The B.C. Court of Appeal recently upheld, and arguably extended, the enforceability of liability waivers and releases signed by customers of commercial enterprises. The decision, Loychuk v. Cougar Mountain Adventures Ltd., is a strong affirmation that participants in inherently risky recreational adventures who sign releases will not be able to sue if they are injured, even where the injury was solely as a result of the negligence of the operator.
In Loychuk, two women were zip lining in Whistler and were injured when they collided. Ms. Loychuk had become stuck part way down and, as a result solely of miscommunication by the operators, Ms Westgeest was sent down the same line and collided with Ms. Loychuk. They sued the operator. However, both had signed a release prior to, and as a condition of, taking part in the zip-lining. The operator admitted negligence but sought dismissal of the case relying on the terms of the releases. The trial court dismissed the claim and the Court of appeal upheld the decision.
In doing so, the Court of Appeal reviewed the judicial history of releases and waivers in the context of inherently dangerous activities such as skiing, white-water rafting and ski-doing. In seeking to distinguish their claim from earlier decisions, the plaintiffs argued that in the case of zip-lining, all the risk in the activity was controlled by the operator. The participants could not be contributorily liable. If there ever was such a distinction, the Court of Appeal has erased it. The court reasoned that releases are not contrary to public policy, even where the activity in issue is controlled completely by the operator. If the law is to change for such activities, it is for the Legislature to do, not the courts.

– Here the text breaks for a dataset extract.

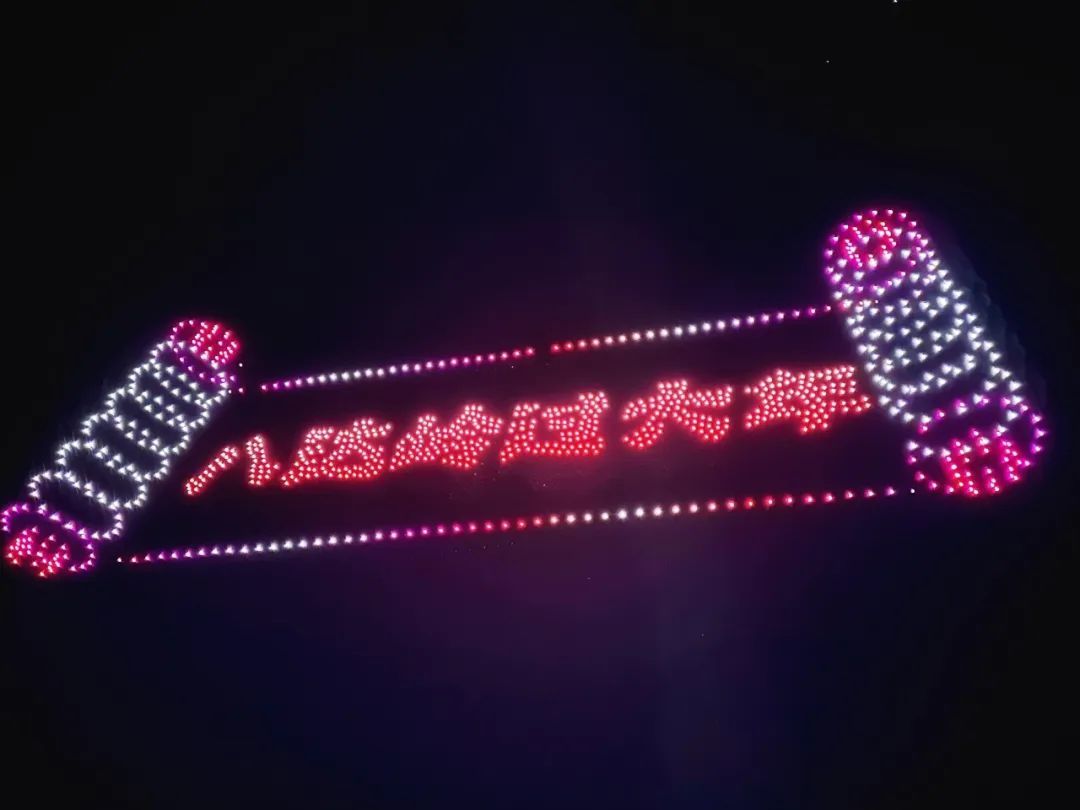 试飞当晚,夜幕如一块巨大的黑色绸缎,轻柔地覆盖了八达岭。就在这时,1000 架无人机组成一群训练有素的夜空精灵,在景区望京广场缓缓升起。它们闪烁着五彩的光芒,在夜空中划出一道道绚丽的轨迹。

The court also addressed the argument that the participants had no meaningful ability to negotiate the release terms. The operator simply presented what was effectively a contract of adhesion. In dismissing this submission, the court noted that there is no power imbalance where a person wishes to engage in inherently risky recreational activity that is controlled or operated by another. It is not unfair for an operator to require a release or waiver as a condition of participating. If a person does not want to participate on that basis, he or she is free not to engage in the activity.
That is not to say that adventure companies will always escape liability. Liability can be established where it can be shown that the party seeking to rely on an exclusion clause knew it was putting the public in danger by providing a substandard product or service, or was reckless as to whether it was doing so. In other words, that party engaged in conduct that is so reprehensible that it would be contrary to the public interest to allow it to avoid liability. In such cases, any release signed will not protect the operator.
The court also considered whether waivers or releases were “unconscionable” and in contravention of the Business Practices and Consumer Protection Act (“BPCPA”). The court found the test for unconscionability under the BPCPA was the same as the test at common law. The court also noted that under the BPCPA, proof of unconscionability was only one of a number of enumerated factors that must be proven before a consumer transaction could be set aside. In any event, the requirement to sign the waiver in order to go zip-lining was not unconscionable. There was nothing in the conduct or advertising of the zip-line operator that misled its customers.
For those wishing to partake in dangerous adventures offered by commercial operators, this decision is a warning that you must truly appreciate the potential risks before taking part. This includes the possibility of the operator’s negligence. If you are injured, the courts are unlikely to provide you with any recovery.